How to generate a transcript from a video on Mac
Getting a full transcript is often the first step before editing speech-driven content - interviews, podcasts, lectures, conference talks. Lossless Video Cutter generates a timed transcript entirely on your Mac, with no upload required and no internet connection needed.
4 min read
On-device vs cloud transcription
Most transcription tools send your audio to a remote server. Lossless Video Cutter uses Apple's on-device speech recognition - the same engine as macOS Dictation when it runs in offline mode. Your audio never leaves your machine.
This matters for interview footage, confidential meetings, medical discussions, legal depositions, or any content where privacy is a concern. It also means the tool works anywhere - on a plane, in a location with no Wi-Fi, or in a network-restricted environment.
Step-by-step
- Open your video with ⌘O.
- Open the Transcribe sheet via Edit → Transcribe.
- Select the language. The app detects the system's available languages. Choose the language spoken in the video if the default isn't correct.
- Click Transcribe. The app processes the audio on-device. For a one-hour video this typically takes a few minutes depending on your Mac's chip.
- Review the result. The transcript appears as a list of timed lines, each corresponding to a natural speech segment.
What you get
The transcript is a timed document. Every line has a timestamp, and clicking any line moves the playhead to that exact moment in the video. Lines correspond to natural speech segments - not arbitrary fixed intervals - so the structure follows the rhythm of the speaker.

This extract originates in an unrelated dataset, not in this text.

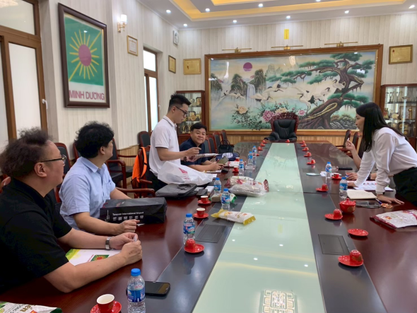 (Một buổi B2B matching giữa nhà nhập khẩu Đài Loan đang làm việc với Công ty cổ phần thực phẩm Minh Dương do Thương vụ tổ chức)

This makes the transcript itself a navigation tool. Scan it visually to find the section you want, click the line, and you're there instantly without scrubbing.
Using the transcript to find content
Once the transcript is generated, click any line to jump to that moment. From there you can:
- Add the moment as a segment with I and O to mark in and out points around the spoken content
- Pull specific answers from a long interview by reading the transcript and clicking each relevant line
- Identify key moments in a talk or lecture and build a highlights segment list directly from the transcript view
Exporting the transcript
The transcript text can be copied from the sheet for use elsewhere - in a document, a note, a caption editor, or any other tool. This is useful when you need a rough transcript for show notes, a blog post, or a review document, without reaching for a separate transcription service.
Supported languages
The app supports all languages available through macOS Dictation on your system. The available set depends on your macOS version and which language packs you have downloaded. You can add additional languages in System Settings → Keyboard → Dictation.